Records from a data source
■ ■ ■ ■
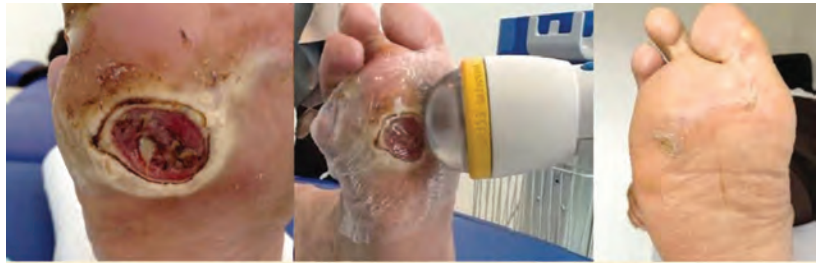
62 yr old DFU patient after 4 SoftWave sessions

SoftWave's DermaGold 100® is a proven option for patients with chronic wounds not responding to standard of care. It is convenient for both patient and provider. SoftWave treatment has a reimbursement pathway with CPT Codes 0512T and 0513T. For more information, email sales@softwavetr.com .
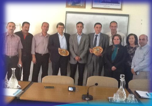
Meetings and discussions
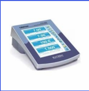
Multi Parameter Bench Top Meter
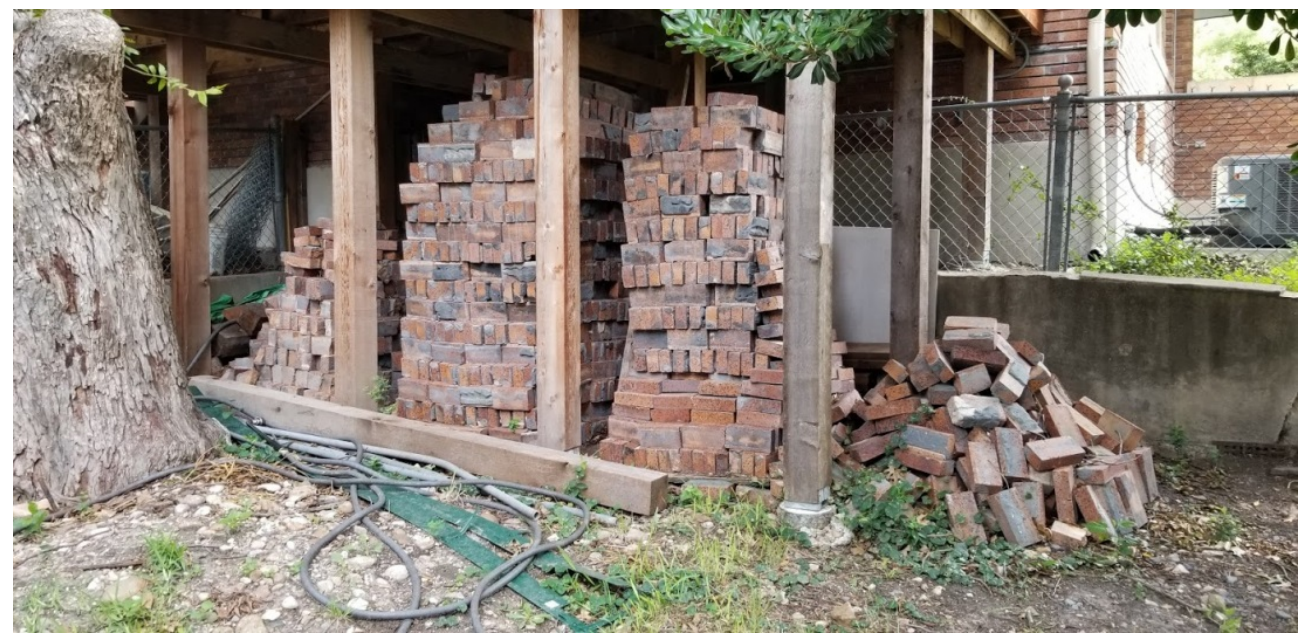
Bricks from the garage were salvaged and are stored under the home's rear deck.
■ ■ ■ ■
Your task
Verbatim copy with pictures excluded: write out the records above in full.

Response box
62 yr old DFU patient after 4 SoftWave sessions

SoftWave's DermaGold 100® is a proven option for patients with chronic wounds not responding to standard of care. It is convenient for both patient and provider. SoftWave treatment has a reimbursement pathway with CPT Codes 0512T and 0513T. For more information, email sales@softwavetr.com .
Meetings and discussions
Multi Parameter Bench Top Meter
Bricks from the garage were salvaged and are stored under the home's rear deck.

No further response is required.